Des explications, somme toute, réconfortantes : les victimes d'un côté, les coupables de l'autre, tout se tient, et pourtant ...
Toutes ces zones résidentielles qui flambent en Australie aujourd'hui, hier et sans doute demain, en Californie, en Grèce, en Provence, présentent le même aspect avant le feu : un paysage de forêt dégradée parsemée de maisons récentes et coquettes.
Un coup d'oeil suffit pour comprendre que le danger est là et se demander quel aménageur inconscient a pu faire ou laisser faire ça.
         Voyons le tableau.
Après avoir longtemps représenté la modernité, le progrès, la civilisation, les villes n'ont plus la cote.
Pendant la deuxième moitié du vingtième siècle, la mécanisation de l'agriculture et la progression des secteurs secondaire puis tertiaire ont fait grossir les villes. Il a fallu loger très rapidement une population nombreuse aux moyens limités, faire ce qu'il est convenu d'appeler du logement social. A quelques exceptions près, le résultat est calamiteux : des quartiers mal pensés, tristes et laids, où la désespérance ennuyée des uns le dispute à la délinquance des autres.
Les classes moyennes, pas vraiment riches mais sorties de la pauvreté éprouvent à leur égard une formidable répulsion. Où vivre ailleurs ?
- Au centre-ville ? A peu près réservé au commerce chic et de moins en moins résidentiel, il est devenu trop cher pour la petite bourgeoisie,
- Hors de la ville ? Il faut sortir de la proche périphérie. Ses fameuses banlieues n'attirent personne, n'y vivent que ceux qui n'ont pas le choix.
Par chance, du moins pour le moment, la voiture et son carburant sont à la portée de beaucoup. Il est devenu possible d'habiter très loin de son lieu de travail.
C'est une vraie rupture avec le passé. Il y a moins d'un siècle, lorsqu'on était paysan, on vivait au milieu des champs et ceux qui travaillaient à l'usine habitaient à son ombre, patron comme ouvriers.
 Rupture donc, jointe à l'ignorance ; une ou deux générations ont suffi à ces descendants de paysans pour oublier le savoir de leurs pères, au nom d'un amour dévoyé de la nature.
Est-il possible de se conduire plus mal vis à vis de ce qu'on prétend aimer ?

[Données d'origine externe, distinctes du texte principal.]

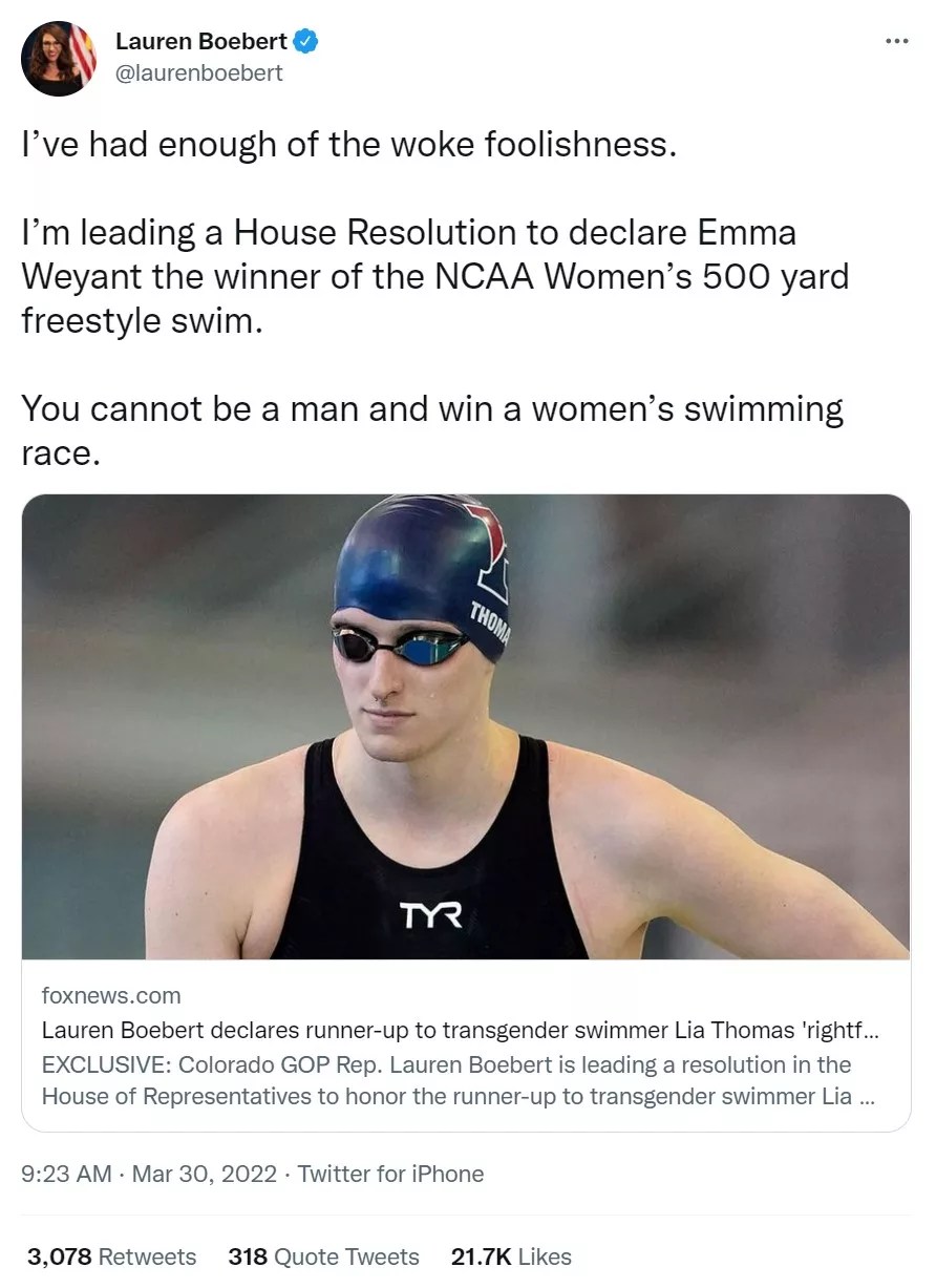 But the low academic bar is not the real problem: It’s the anger that Boebert has weaponized. Just look at how she’s grabbed on to the issue of transgender men and women in sports. In the last week, she’s posted about the subject seven times – an average of once every day. “I’ve had enough of the woke foolishness,” she said on March 30, declaring that she’s “leading a House Resolution to declare Emma Weyant the winner of the NCAA Women’s 500 yard freestyle swim,” in which transgender athlete Lia Thomas took top honors. She ended with this: “You cannot be a man and win a women’s swimming race.”

D'abord, il faut rappeler ce qu'est la nature. Suivant le sol et le climat, elle serait la steppe aride ou la forêt primaire  ; elle n'existe plus là où sont les hommes. Ce que l'homme d'aujourd'hui appelle "nature" est le produit de siècles d'exploitation, des bois de coupe, des prés pâturés et des champs cultivés. Pour le citadin qui n'aime plus la ville, la "nature" également nommée "campagne" rassemble tous les territoires hors de la cité. En digne héritier des colonisateurs, il s'étale partout comme chez lui, traite la province en pays conquis comme ses ancêtres l'avaient fait des colonies.
Ils ne sont pas nombreux à protester, les écologistes aussitôt  moqués et traités d'arriérés. La mode est contre eux.
On ferme les yeux devant les injures au bon sens ; rien ne choque.
On ne trouve pas scandaleux que les meilleures terres à blé du bassin parisien soient asphaltées, bétonnées, envahies par une invasion stérile de pavillons grands pourvoyeurs d'aménagements routiers et de hideuses zones commerciales. 
Le mitage des zones boisées ne soulève pas d'avantage de protestations. On pénètre les sous-bois les plus secs avec des lignes électriques, des installations de chauffage et autres pourvoyeurs d'incendies. Le risque est encore accru par les automobiles. Là où, par grande sécheresse, il faudrait interdire l'accès à la forêt, des 4x4 circulent  en semant des étincelles dans le sous-bois.  Le gibier a déserté ; la broussaille n'est plus pâturée par eux ni par le bétail domestique, c'est une étoupe qui ne demande qu'à prendre feu.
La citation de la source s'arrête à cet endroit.